- _Supplied data_

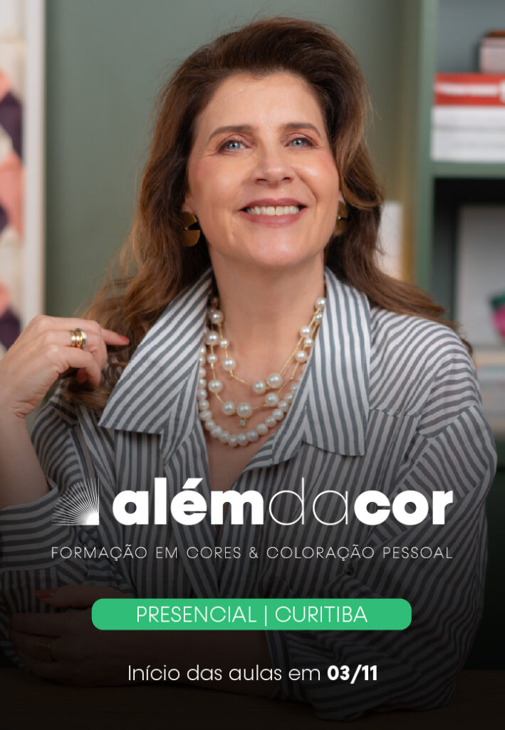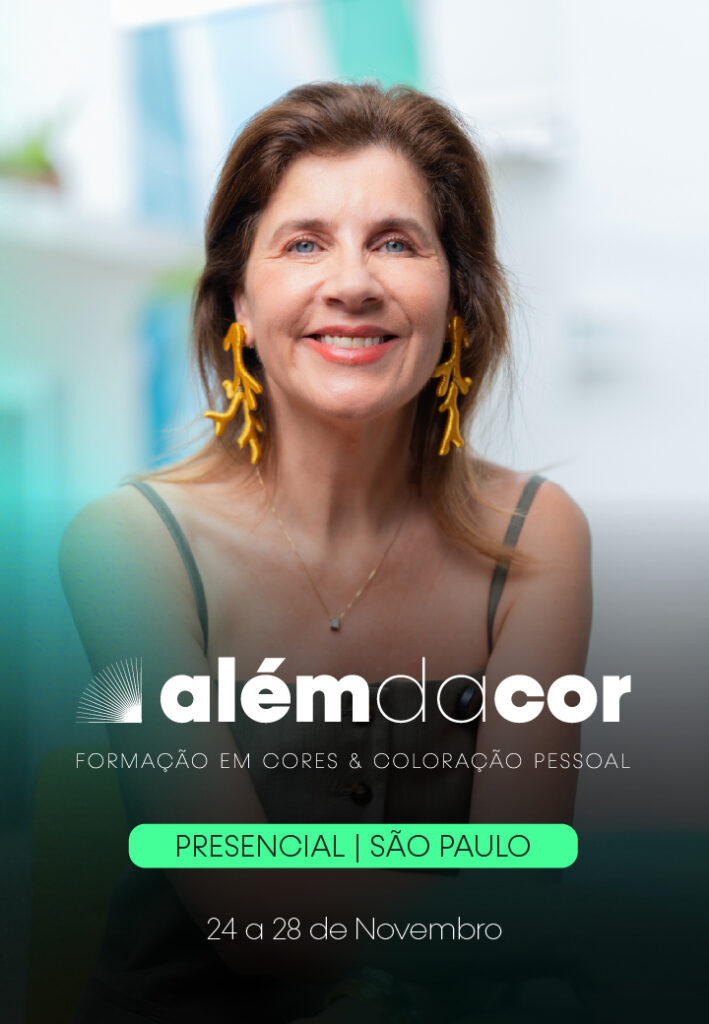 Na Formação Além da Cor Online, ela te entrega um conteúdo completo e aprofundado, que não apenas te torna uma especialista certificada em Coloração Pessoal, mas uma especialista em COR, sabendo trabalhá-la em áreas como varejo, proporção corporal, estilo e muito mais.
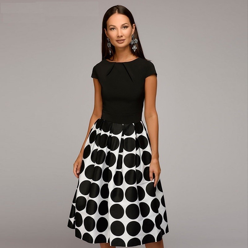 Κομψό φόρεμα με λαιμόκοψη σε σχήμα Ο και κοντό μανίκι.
---
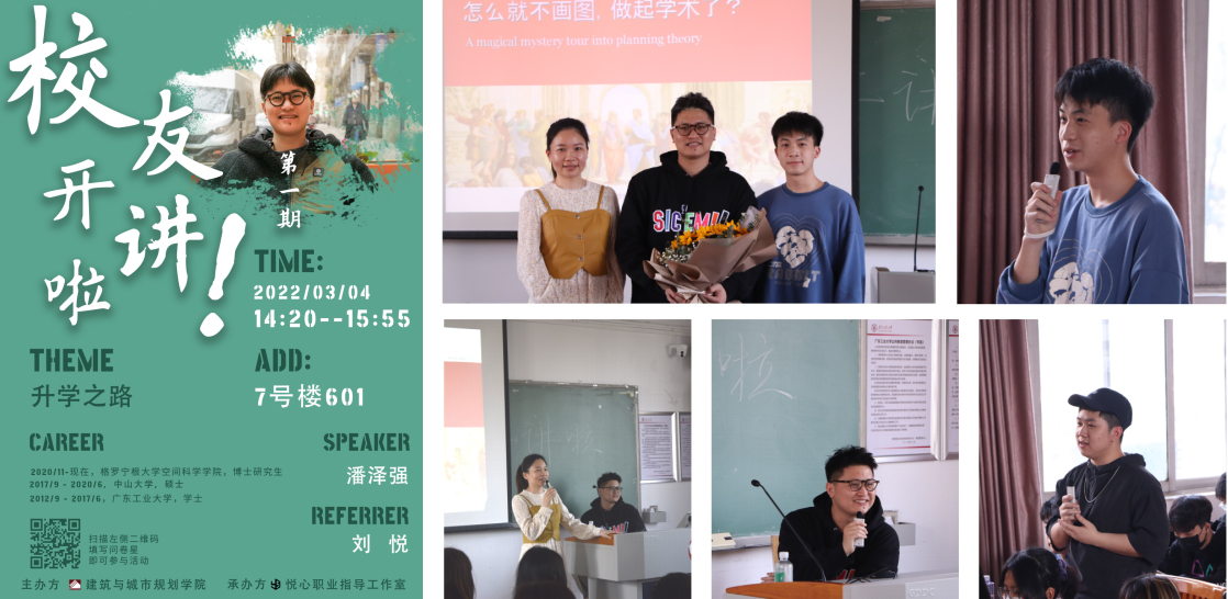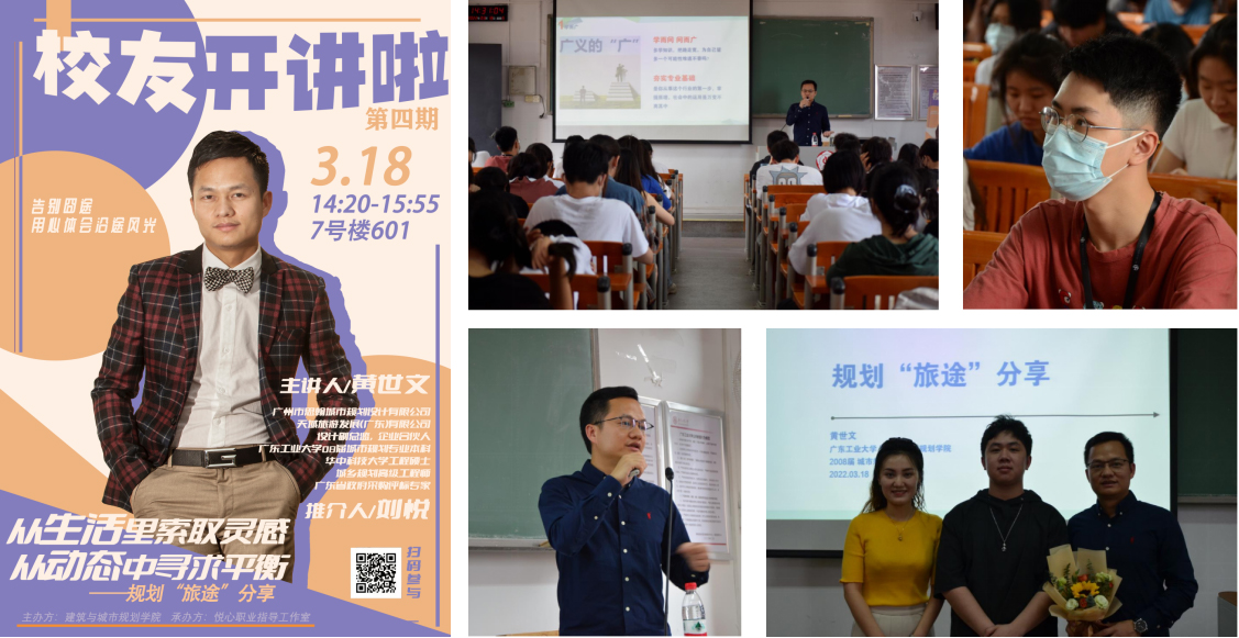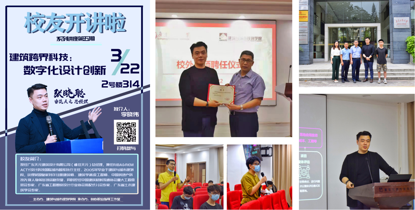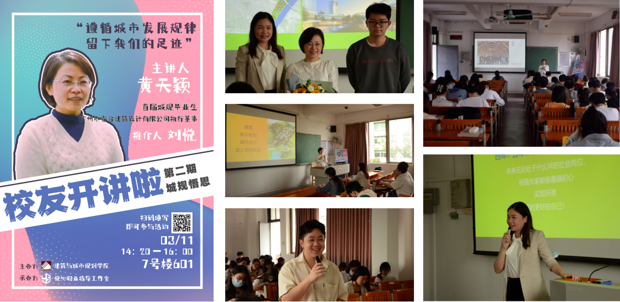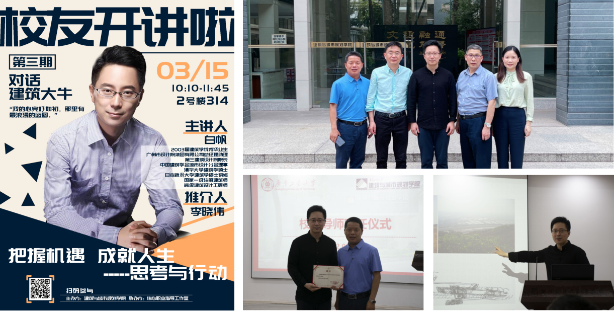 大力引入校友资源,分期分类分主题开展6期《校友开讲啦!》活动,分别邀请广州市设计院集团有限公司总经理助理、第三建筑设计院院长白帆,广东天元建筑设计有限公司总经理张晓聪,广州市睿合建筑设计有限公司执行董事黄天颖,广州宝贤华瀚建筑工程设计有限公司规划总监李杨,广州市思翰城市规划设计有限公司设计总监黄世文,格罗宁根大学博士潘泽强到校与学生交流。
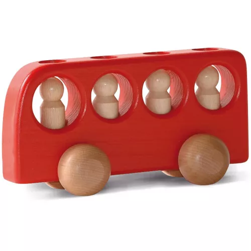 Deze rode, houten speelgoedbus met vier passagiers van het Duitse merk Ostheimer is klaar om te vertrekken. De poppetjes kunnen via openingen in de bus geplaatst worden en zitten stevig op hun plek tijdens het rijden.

- _What is being asked_
Among the entries above, copy exactly the stretch from the line holding "Na Formação Além" through the line holding "Κομψό φόρεμα με", leaving out any pictures.

- _Exercise result_
 Na Formação Além da Cor Online, ela te entrega um conteúdo completo e aprofundado, que não apenas te torna uma especialista certificada em Coloração Pessoal, mas uma especialista em COR, sabendo trabalhá-la em áreas como varejo, proporção corporal, estilo e muito mais.
 Κομψό φόρεμα με λαιμόκοψη σε σχήμα Ο και κοντό μανίκι.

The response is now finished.